The Alpine Spa is the thing people come here for, and it earns the trip. It's built into the cliff — 10,000 square meters of pools, saunas, treatment rooms, and an infinity pool that hangs over the edge of the mountain like a dare. The outdoor pool is heated to 35°C, and floating in it while looking down at the lake 500 meters below is one of those experiences that short-circuits your brain. You can't process it. You just float there, vaguely aware that you're warm and the air is cold and the mountains are absurd.

Floating in heated water at the edge of a cliff, looking down at a lake that hasn't changed color since the ice age — your brain gives up trying to process it and just goes quiet.

The honest thing: the resort's scale can feel disorienting. It's a small village unto itself, with covered walkways and underground passages connecting the hotels, and on your first day you will get lost at least twice. Signage exists but assumes a familiarity you don't yet have. I ended up in the conference center trying to find the pool. A staff member redirected me with the gentle patience of someone who does this twelve times a day.

Dining leans formal. The RitzCoffier serves French-Swiss cuisine that's technically impressive but slightly stiff — the kind of restaurant where you feel like you should have ironed your shirt. Sharq, the Lebanese restaurant, is better for an actual relaxed evening; the mezze platter is generous and the hummus is startlingly good for a mountaintop in central Switzerland. For breakfast, the buffet in the Verbena restaurant is excessive in the way that Swiss hotel breakfasts are: six types of bread, a Birchermüesli station, eggs cooked to order, and a man slicing Bündnerfleisch with the focus of a surgeon. I watched him for longer than was socially appropriate.

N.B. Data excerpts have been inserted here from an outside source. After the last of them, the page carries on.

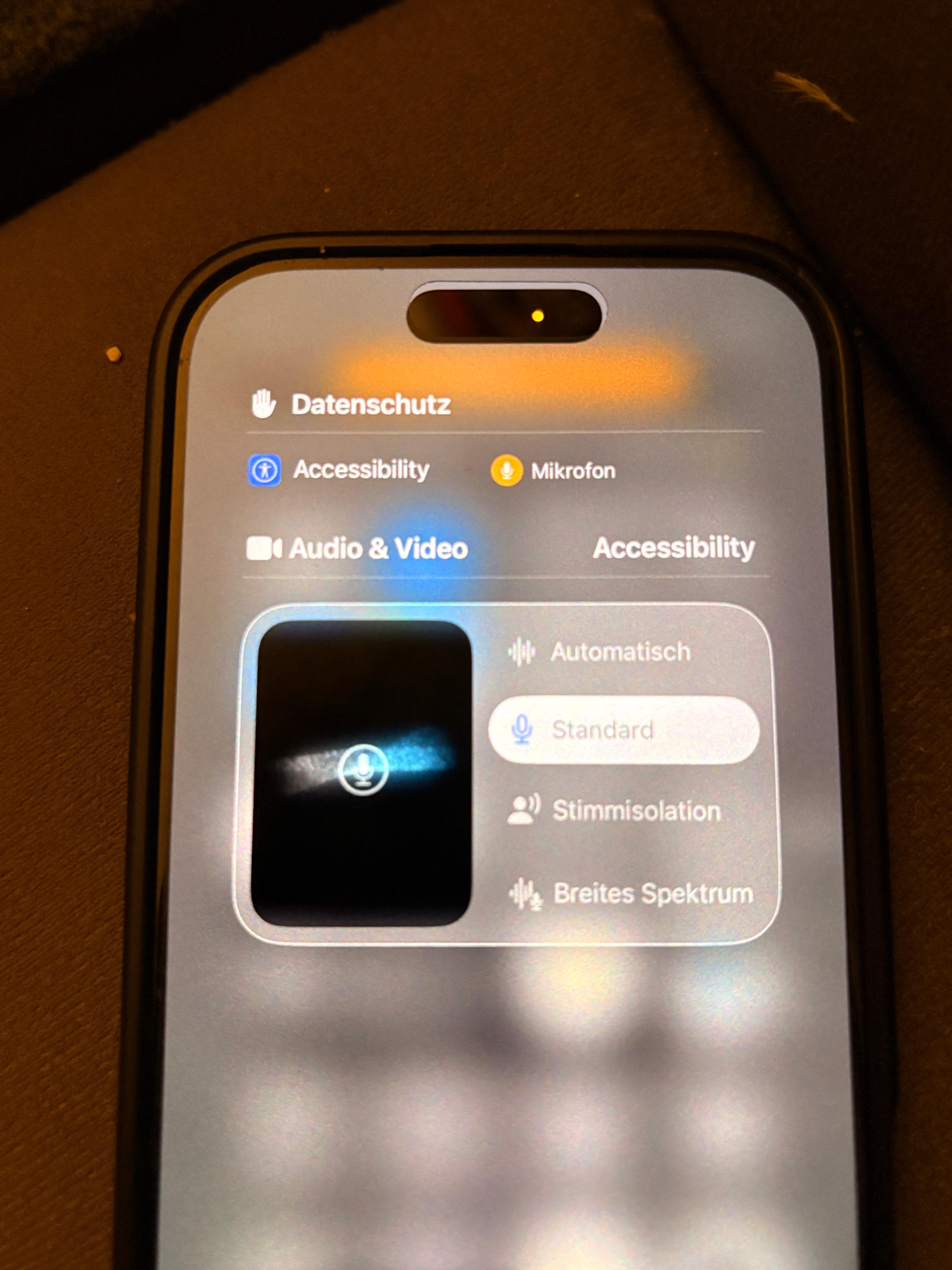 Wie kann ich die Mikrofon-Modus-Anzeige (Standard / Stimmisolation / Breites Spektrum), die während Anrufen oder bei Apps mit Mikrofon erscheint, dauerhaft deaktivieren?“
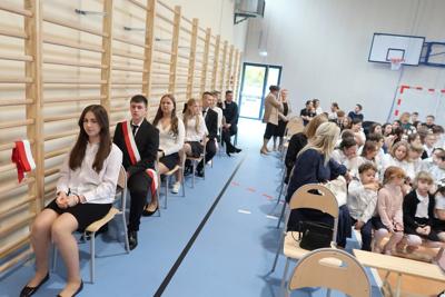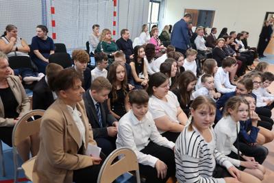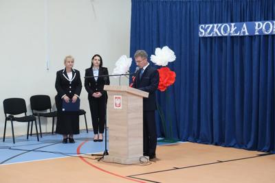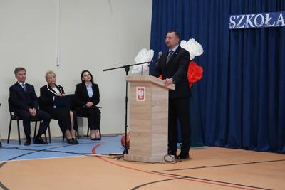 Pan Dyrektor powitał także wszystkich Uczniów, Nauczycieli i Pracowników szkoły oraz Rodziców na czele z Przewodniczącą Rady Rodziców Panią Moniką Wtykło.
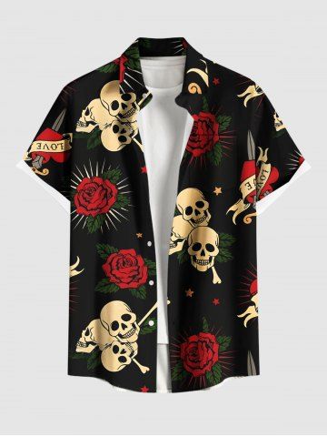 Halloween Costume Skull Rose Flower Heart Print Plus Size Matching Outfit For Couples - Black
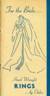 "Wedding and Engagement Rings are created from platinum, solid green or yellow gold, or in the modern combination of platinum and green gold. White gold, which came into being as an imitation of platinum, is not used, principally because it is unsatisfactory as a working medium. Careful hand tooling finishes each piece with a soft lustrous glow…. These bands are handwrought throughout; each tiny flower leaf, motif, or petal is the painstaking work of a Master Craftsman. Sometime jewels are added for brilliance or color to enrich the design…"
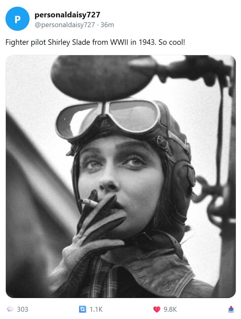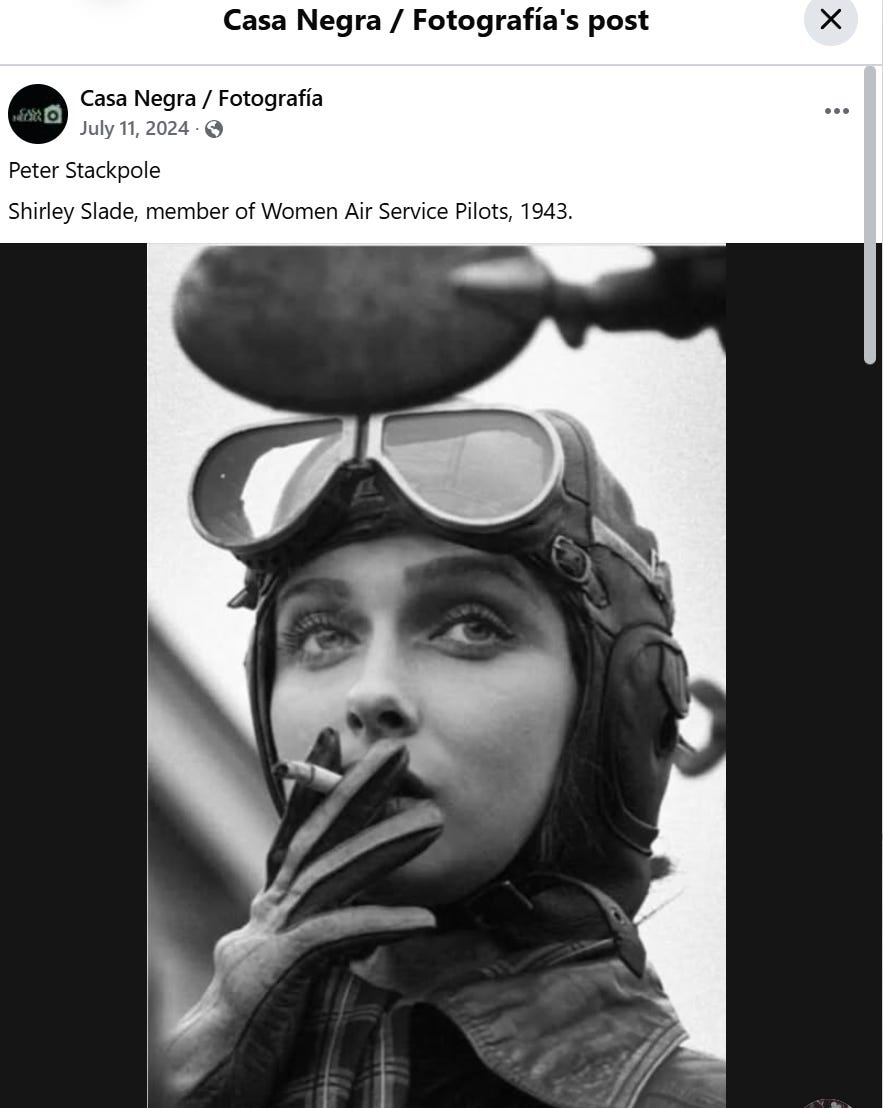 This is not an image of Shirley Slade, a pilot from WWII. It is an image of model Casey Drabble, on a photo shoot in 2016.1
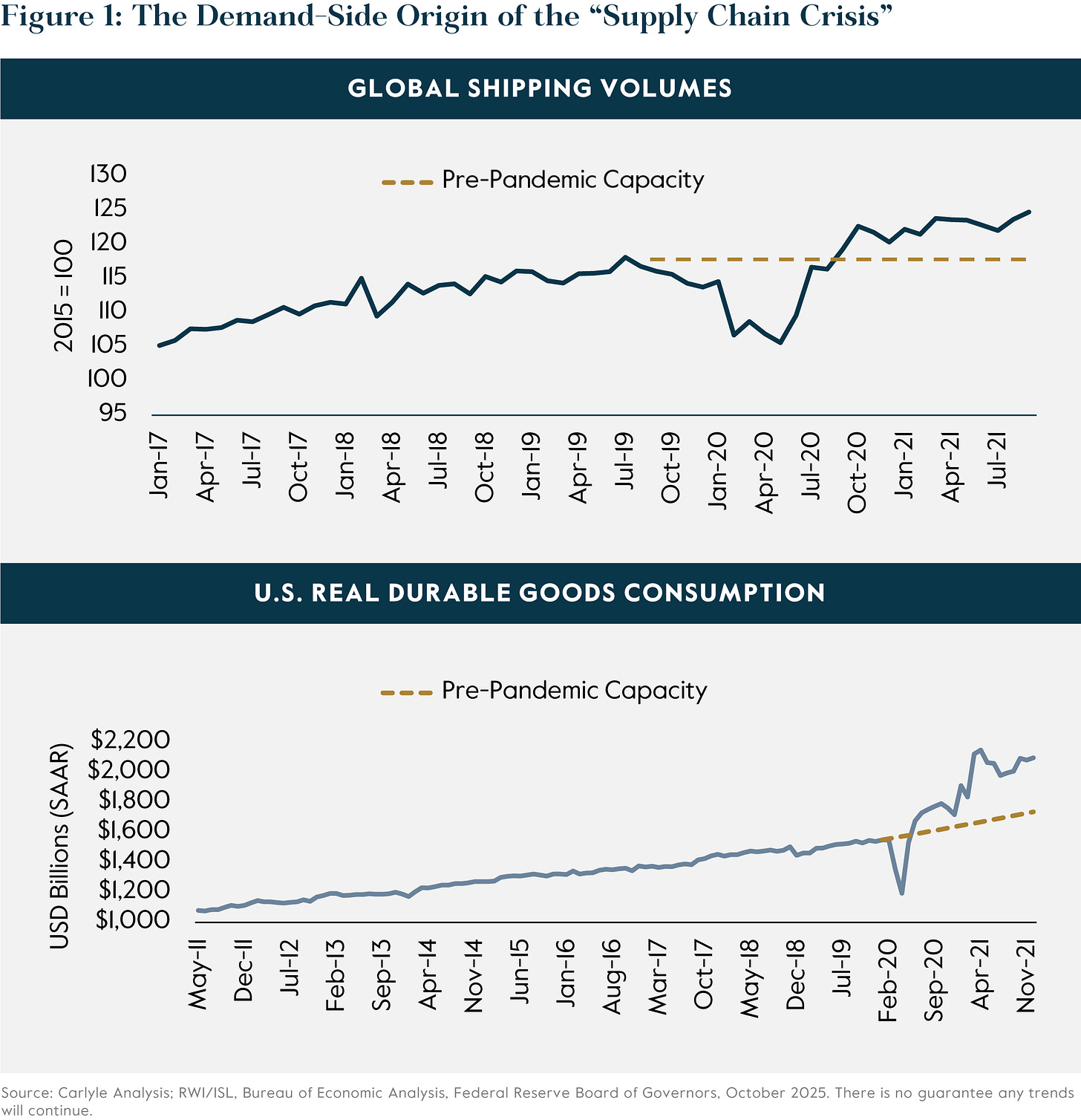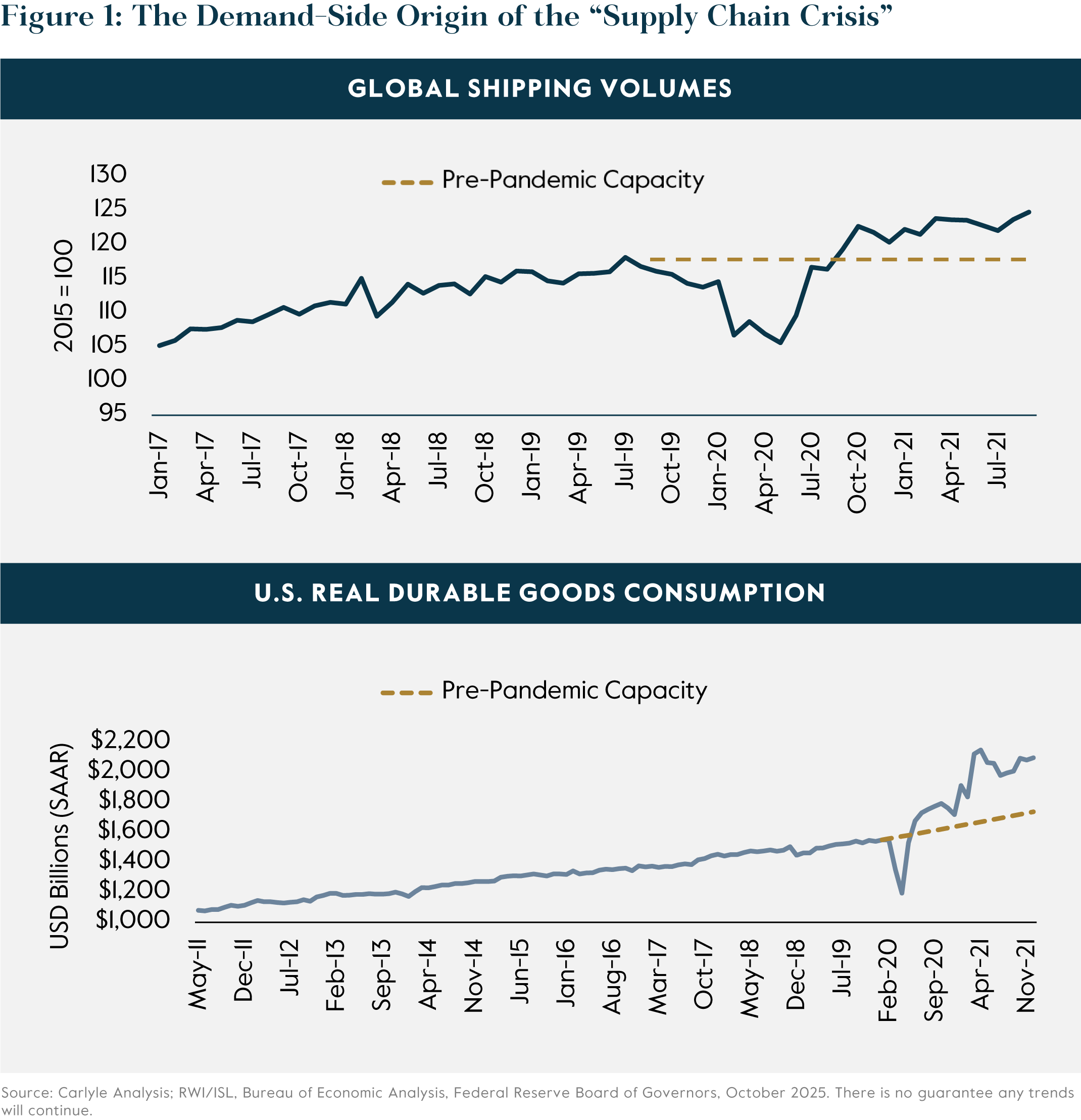 The Fed diagnosed inflation’s 2021 outbreak as “transitory” because it seemed to originate from pandemic-related supply disruptions that would resolve over time. Looking back on the data, it doesn’t appear that the “pipes” of the global economy were clogged so much as we were trying to jam too much “stuff” through them

Walk the Felsenweg — the cliff path that runs from the resort to the Hammetschwand Lift. It takes about twenty minutes each way, it's carved directly into the rock face, and at several points you're walking through short tunnels blasted out of the mountain in the 1900s. The path is flat and paved, manageable for anyone in decent shoes, and the views are so relentlessly beautiful they start to feel like a personal affront. You pass a small chapel built into a rock alcove. There are fresh wildflowers in a jar on the altar. Someone is maintaining this.

Walking back down

On the morning I leave, the lake is socked in with fog. The mountains have disappeared. The funicular descends through cloud so thick the trees look like charcoal sketches, and by the time I reach Stansstad the whole plateau has vanished above me, as if it was never there. The postbus to Lucerne takes twenty-two minutes. A woman boards at Stans with a crate of apples and sets them on the seat beside her like a passenger. The bus rounds the lake. Lucerne appears — its bridges, its painted buildings, its tourists posing with swans. It feels like a different country from the one I just left, and it's twelve kilometers away.

Rooms at the Bürgenstock Hotel start around 1.024 $ per night in summer, which buys you the view, the spa, the cliff path, and the strange luxury of total silence at 874 meters. The resort shuttle runs to Lucerne's lakefront, or you can take the funicular down to the boat dock and catch a steamer across the lake — the slower, better way to arrive and the harder way to leave.